Depressie en probleemgedrag bij jongeren: dit stofje maakt het verschil

De mineralocorticoid receptor en de sociale ontwikkeling van adolescenten

Iedereen heeft het: de mineralocorticoid receptor (ook wel MR genoemd). De meeste mensen hebben er waarschijnlijk nog nooit van gehoord. Toch kan dit stofje het verschil maken tussen wel of geen depressie of probleemgedrag. De Utrechtse onderzoekster Hinke Endedijk onderzoekt de invloed van MR op de sociale ontwikkeling van adolescenten.  

Endedijk is zeker niet de eerste die onderzoek doet naar MR. Er is dan ook al het een ander over bekend. Zo weten we dat deze receptor een belangrijke rol speelt bij gevolgen van stress; het heeft een beschermende functie. Als iemand te maken heeft gehad met heftige stress en diegene heeft een goedwerkend MR, dan is de kans op een depressie kleiner. Het onderzoek van Endedijk gaat nog een stapje verder. Het onderzoeksteam van de UU en het UMCU wil weten welke invloed het MR heeft op de ontwikkeling van sociaal gedrag van adolescenten.

Foto: Ed van Rijswijk

Wanneer iemand veel stress heeft ervaren in de vroege kinderjaren dan heeft dat gevolgen op hoe je op latere leeftijd op stress reageert. Bijvoorbeeld door heftiger op stress te reageren: hogere hartslag, meer zweten, een langzamer herstel van de stress. Of juist een afgevlakte reactie op stress. En het kan invloed hebben op ontwikkeling van de hersenen; op de prefrontale cortex, voorin je hoofd.
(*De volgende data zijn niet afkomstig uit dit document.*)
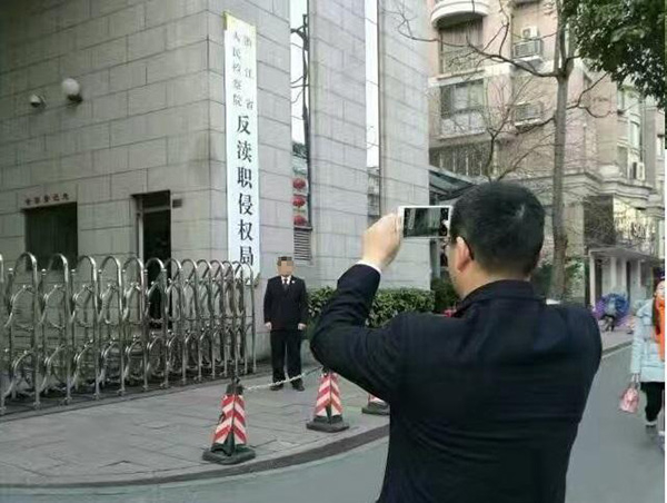 2017年2月3日,立春,这是春节长假后第一个工作日。傍晚时分,杭州文三路上的浙江省检察院门前,聚集了不少人合影留念。
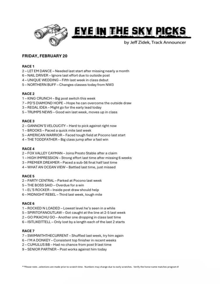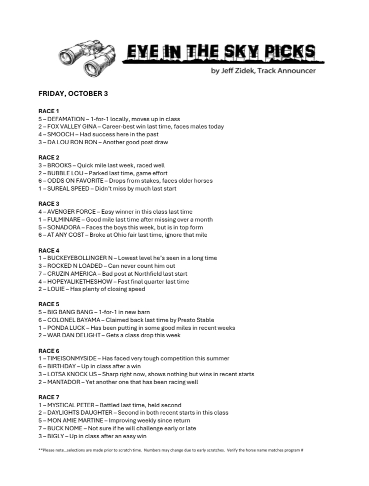 Kevin Plowcha and Jeff Zidek’s Daily Selections

Die is nog volop in ontwikkeling bij adolescenten en belangrijk voor de hogere cognitieve functies zoals plannen, geheugen, aandacht en sociaal gedrag zoals het remmen van je gedrag. Endedijk: "Als vroege stress dus ook invloed heeft op ontwikkeling van die prefrontale cortex, is via die weg ook plausibel dat adolescenten die vroeger veel stress hebben ervaren minder sociaal zijn. We verwachten dus dat het ook consequenties heeft voor het sociale gedrag, maar dat is een hypothese. Gaat het ook echt zo?"

Stress door ouders

Endedijk werkt met een grote bestaande dataset uit het Radar onderzoek van de Universiteit Utrecht en de Vrije Universiteit Amsterdam. Via Radar worden adolescenten al 14 jaar lang gevolgd in hun ontwikkeling. Jaarlijks vullen zij vragenlijsten in, bijvoorbeeld over depressie, angst en sociaal gedrag. En bij een groot deel van de adolescenten is genetische data verzameld via speeksel. In dit genetische materiaal is gekeken naar welke uitingsvorm van MR zij hebben; goed werkend of niet. Uit die vragenlijsten kan Endedijk achterhalen in hoeverre deze adolescenten stress hebben ervaren tijdens de adolescentie en hoe de ontwikkeling van het sociale gedrag van deze jongeren verloopt.

Foto: Ed van Rijswijk

Endedijk: "Om stress van jongeren tijdens hun adolescentie te meten hebben we gekeken naar psychologische controle door de ouders." Ouders die veel psychologische controle laten zien onderbreken hun kind bijvoorbeeld steeds, proberen gevoelens en gedachten te veranderen, geven het kind de schuld van problemen van andere leden in het gezin of halen er steeds oude fouten bij. "Wanneer adolescenten dit in extreme mate ervaren kan dat voor hen erg stressvol zijn. Die psychologische controle is dus een maat waarmee we de ervaren stress meten."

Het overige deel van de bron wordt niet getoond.